Luna había sido la única en quedarse fuera de la celda a esperar, Ron había quedado demasiado alterado así que Harry y Draco tuvieron que arrastrarlo hacia su habitación, donde estaba seguro que el rubio gustosamente lo había dormido con un hechizo, la rubia se estremeció de pies a cabeza al ver a Lord Voldemort salir de la mazmorra, el hombre le dirigió una mirada burlesca y tras sonreírle tétricamente, se alejó de la rubia joven, quien simplemente le vio desaparecer por el pasillo largo, la joven se volvió para estremecerse al ver a un Tom Riddle cargando con Hermione.
- ¿Qué…que le ha pasado? – preguntó un poco nerviosa la rubia de grandes ojos azules, Riddle apenas y le dirigió una mirada.
- Necesita descansar.- fue lo único que dijo aquel hombre tras continuar con su camino.
Tom la dejó sobre la cama con tanta suavidad que creyó que la castaña podría romperse, se había quedado dormida sobre sus brazos, para su sorpresa la bruja se acurrucó en forma fetal en el momento en que le dejó sobre el cómodo colchón.
Cerró la puerta lentamente y se giró, el hombre frunció el ceño y entrecerró la mirada al notar la presencia de Mione frente a él.
- ¿te encuentras bien? – preguntó la pequeña Granger mientras le veía con sus grandes y marrones ojos, Tom no contestó y se marchó a su habitación.

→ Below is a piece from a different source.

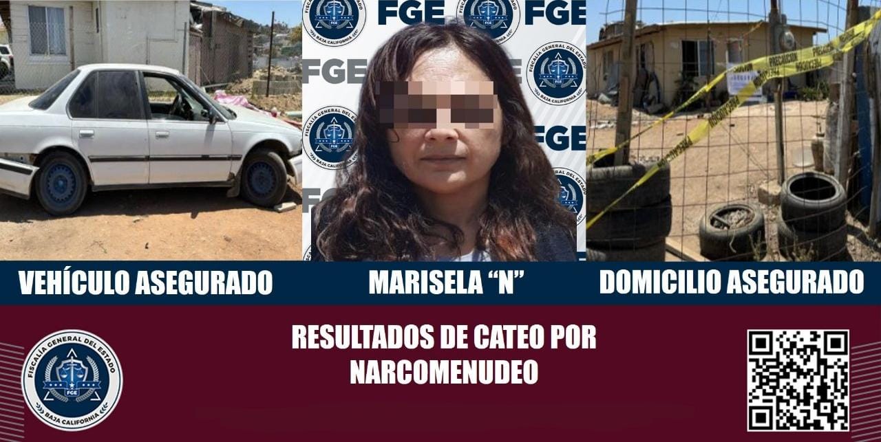 ENSENADA, B.C. La Fiscalía General del Estado ejecutó una orden de cateo en un domicilio en el fraccionamiento Lomas del Sauzal, donde se incautó droga, se recuperó un vehículo reportado como robado y se arrestó a una mujer.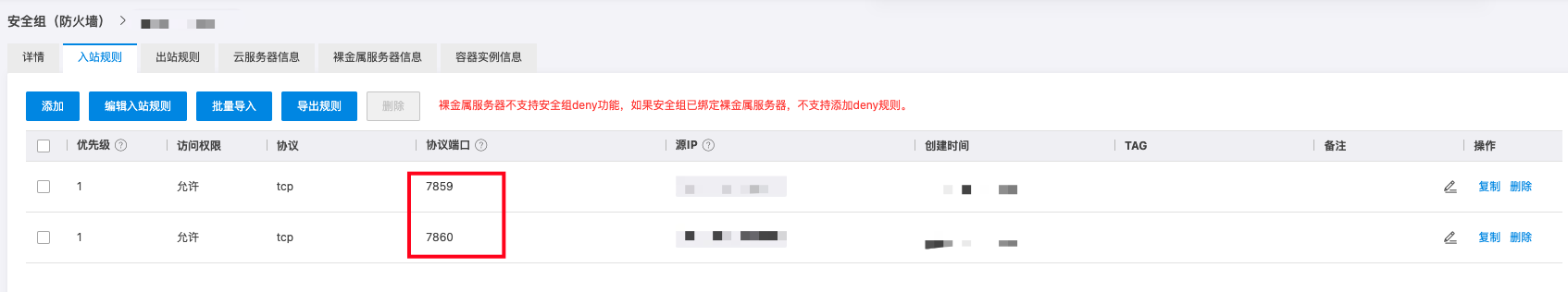 在网络信息模块点击绑定的安全组,进入安全组控制台。

Hermione abrió los ojos de un golpe en el preciso momento en que escuchó la puerta cerrarse, se sentó casi de inmediato, sus ojos estaban opacos, recordar aquellos momentos tan dolorosos le habían dejado casi muerta en vida, se abrazó así misma al recordar cada golpe dado en el momento en que Voldemort le hechizó, cada día vivido siendo su prisionera había sido hojeado dentro de su mente, mostrándose como un libro de duros recuerdos, luego estaba aquella última noche en que él acudió ante a ella y la había besado, recordó el escalofriante y aturdidora sensación eléctrica que la había atravesado, aquella era muy similar a la que había sentido nuevamente con Tom cuando estaban sobre los escalones…
Dobló las piernas sobre la cama y las abrazó, escondiendo su rostro entre ellas, las ganas de llorar le sobraban, pero no quería por más que lo deseaba, no iba a llorar, Voldemort se lo había dicho en un susurro, tenía que soportarlo, acumular la oscuridad dentro hasta que en un momento u otro no pudiera contenerla y era así como Hermione Granger, la Domina Prima, iba a transformarse en lo que más odiaba, la Dama de la muerte, la Domina Mortis.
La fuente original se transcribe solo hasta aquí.